Böyle bir savunma şekli olamaz.

Medeniyet böyle bir şey değil!

Bir metre ilerideki çöpü kullanmak varken oturduğu yere, ayağının dibine pisliğini bırakmak insan olmaktan çok uzak.

Evimizde nasıl hareket ediyoruz?

Elimize geçeni yere atıp gidebiliyor muyuz?

Hayır!

Hepimizin ortak kullandığı alanlarda çok daha özenli olmalıyız.

Ancak, bu konuda yol alamadığımız ortada.

Kolayına geldiği gibi davranan o kadar çok insan var ki…

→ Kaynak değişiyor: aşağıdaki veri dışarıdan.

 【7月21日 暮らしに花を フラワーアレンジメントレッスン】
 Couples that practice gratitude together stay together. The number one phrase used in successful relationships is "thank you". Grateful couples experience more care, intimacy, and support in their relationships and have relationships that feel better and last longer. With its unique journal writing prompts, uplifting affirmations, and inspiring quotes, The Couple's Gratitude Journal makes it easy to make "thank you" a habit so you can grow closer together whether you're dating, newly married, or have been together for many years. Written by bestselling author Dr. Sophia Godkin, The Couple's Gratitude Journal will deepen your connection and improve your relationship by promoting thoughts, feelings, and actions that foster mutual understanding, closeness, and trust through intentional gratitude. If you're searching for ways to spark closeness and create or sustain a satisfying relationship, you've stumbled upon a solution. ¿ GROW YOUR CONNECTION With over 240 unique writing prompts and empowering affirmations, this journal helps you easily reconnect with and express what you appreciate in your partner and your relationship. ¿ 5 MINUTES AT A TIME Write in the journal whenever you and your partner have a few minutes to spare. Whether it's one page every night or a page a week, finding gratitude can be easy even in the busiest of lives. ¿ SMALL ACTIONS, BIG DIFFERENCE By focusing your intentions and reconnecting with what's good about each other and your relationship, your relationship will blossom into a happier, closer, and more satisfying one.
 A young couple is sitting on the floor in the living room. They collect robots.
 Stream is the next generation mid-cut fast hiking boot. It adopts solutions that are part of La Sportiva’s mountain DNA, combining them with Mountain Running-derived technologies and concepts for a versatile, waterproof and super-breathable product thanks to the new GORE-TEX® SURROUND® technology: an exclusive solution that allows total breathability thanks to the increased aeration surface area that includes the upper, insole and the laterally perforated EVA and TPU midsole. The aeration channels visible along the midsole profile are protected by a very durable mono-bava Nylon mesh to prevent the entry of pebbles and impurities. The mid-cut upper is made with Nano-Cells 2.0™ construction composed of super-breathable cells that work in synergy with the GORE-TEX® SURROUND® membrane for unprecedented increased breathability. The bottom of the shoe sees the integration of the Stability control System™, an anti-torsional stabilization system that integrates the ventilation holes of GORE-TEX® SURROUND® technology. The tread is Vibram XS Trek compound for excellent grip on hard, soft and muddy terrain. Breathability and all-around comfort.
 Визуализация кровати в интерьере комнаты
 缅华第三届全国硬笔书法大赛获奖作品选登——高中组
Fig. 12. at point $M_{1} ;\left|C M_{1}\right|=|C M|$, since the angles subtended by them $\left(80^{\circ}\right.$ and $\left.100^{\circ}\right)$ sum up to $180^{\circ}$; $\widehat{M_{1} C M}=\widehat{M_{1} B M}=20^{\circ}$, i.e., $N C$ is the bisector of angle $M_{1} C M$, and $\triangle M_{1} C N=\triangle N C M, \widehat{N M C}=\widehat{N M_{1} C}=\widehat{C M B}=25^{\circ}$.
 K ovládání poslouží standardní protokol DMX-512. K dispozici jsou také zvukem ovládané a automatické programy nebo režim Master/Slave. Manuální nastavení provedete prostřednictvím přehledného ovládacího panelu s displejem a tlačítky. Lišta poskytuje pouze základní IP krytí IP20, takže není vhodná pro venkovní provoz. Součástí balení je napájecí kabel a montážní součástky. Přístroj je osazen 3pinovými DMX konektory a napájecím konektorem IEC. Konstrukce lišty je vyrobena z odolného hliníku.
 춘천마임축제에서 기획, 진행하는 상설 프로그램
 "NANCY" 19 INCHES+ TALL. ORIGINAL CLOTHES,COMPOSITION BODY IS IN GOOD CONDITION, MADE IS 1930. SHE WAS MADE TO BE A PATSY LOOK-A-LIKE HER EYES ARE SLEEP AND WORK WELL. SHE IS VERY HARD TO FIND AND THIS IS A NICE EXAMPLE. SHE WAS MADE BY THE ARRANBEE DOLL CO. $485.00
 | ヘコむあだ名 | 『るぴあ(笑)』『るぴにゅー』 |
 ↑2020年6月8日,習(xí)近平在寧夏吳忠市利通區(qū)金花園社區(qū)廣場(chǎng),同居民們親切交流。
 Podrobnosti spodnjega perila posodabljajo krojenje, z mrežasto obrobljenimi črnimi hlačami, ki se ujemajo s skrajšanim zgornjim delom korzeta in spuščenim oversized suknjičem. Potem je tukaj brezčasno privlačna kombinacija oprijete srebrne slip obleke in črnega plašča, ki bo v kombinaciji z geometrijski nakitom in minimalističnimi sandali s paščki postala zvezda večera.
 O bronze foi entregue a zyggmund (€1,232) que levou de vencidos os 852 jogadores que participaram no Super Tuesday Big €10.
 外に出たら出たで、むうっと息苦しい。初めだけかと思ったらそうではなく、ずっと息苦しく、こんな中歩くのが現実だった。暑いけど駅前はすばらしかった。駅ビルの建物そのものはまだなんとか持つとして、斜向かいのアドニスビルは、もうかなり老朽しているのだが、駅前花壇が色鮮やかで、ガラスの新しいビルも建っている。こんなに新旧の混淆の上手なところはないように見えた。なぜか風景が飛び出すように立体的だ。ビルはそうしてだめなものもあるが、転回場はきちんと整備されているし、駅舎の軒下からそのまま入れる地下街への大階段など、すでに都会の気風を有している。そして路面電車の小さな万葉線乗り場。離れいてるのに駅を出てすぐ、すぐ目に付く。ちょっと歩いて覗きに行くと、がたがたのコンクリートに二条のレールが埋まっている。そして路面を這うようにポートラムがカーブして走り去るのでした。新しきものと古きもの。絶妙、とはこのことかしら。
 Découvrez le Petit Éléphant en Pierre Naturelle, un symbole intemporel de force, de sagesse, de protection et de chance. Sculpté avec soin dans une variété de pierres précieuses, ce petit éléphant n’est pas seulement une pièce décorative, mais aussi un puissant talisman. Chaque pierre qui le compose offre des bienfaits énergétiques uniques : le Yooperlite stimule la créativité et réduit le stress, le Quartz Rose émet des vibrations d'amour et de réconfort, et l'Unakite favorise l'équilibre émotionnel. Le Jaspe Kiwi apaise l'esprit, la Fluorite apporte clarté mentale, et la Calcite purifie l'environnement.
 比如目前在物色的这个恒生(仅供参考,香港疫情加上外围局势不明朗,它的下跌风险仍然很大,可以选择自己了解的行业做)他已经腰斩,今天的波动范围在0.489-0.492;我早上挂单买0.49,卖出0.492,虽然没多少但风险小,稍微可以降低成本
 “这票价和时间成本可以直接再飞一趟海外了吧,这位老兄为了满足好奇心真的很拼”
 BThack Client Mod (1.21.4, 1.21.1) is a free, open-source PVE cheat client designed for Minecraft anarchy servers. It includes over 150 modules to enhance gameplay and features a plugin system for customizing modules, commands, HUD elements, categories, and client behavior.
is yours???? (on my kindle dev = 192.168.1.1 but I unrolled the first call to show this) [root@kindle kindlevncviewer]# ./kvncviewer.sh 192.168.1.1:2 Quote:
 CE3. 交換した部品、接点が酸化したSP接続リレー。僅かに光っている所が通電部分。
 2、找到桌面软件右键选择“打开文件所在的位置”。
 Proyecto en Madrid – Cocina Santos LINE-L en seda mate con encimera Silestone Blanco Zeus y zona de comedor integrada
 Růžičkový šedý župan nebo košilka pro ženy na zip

Birileri arkamızı toplamazsa her yer çöp yığınına dönebilir ve üstelik kısa zamanda.

Neden bu konuda eğitilemiyoruz?

Gerçekten zor mu?

Bu yüzden kışı seviyorum; dürüst olacağım.

İnsanlık büyük oranda evinde, hava soğuk ve doğa kendi halinde.

Elbette bu geçici bir çözüm.

Bize kalıcı çözümler gerekiyor.

Bu zamana kadar bir şeyler değişmediyse belki de artık para cezasına doğru geçiş yapılmalı.

Sigarasını yere atana, sağa sola çekirdeğini savurana, yediği içtiğini denize ve doğaya savuranlara iyi gelecektir bu uygulama.

Böylece her birey kendini eğitmiş olacak aynı zamanda.

İsterim ki ödül ya da ceza sistemi olmadan yalnızca olması gerektiği şekilde hareket edelim,

Doğaya, çevreye ve tüm canlılara saygı duyalım,

Daha nazik, görgülü ve saygılı olalım ama böylesi bir evrensel ahlak sistemine sahip insan sayısı oldukça az.

Belli ki bazı davranış kalıplarını değiştirme noktasında gönüllü değiliz.

Yakın gelecekte de o seviyeye geleceğimizi düşünmüyorum.

Bu sebeple umuyorum ki en kısa sürede etkili adımlar atılır ve uygulamaya koyulur.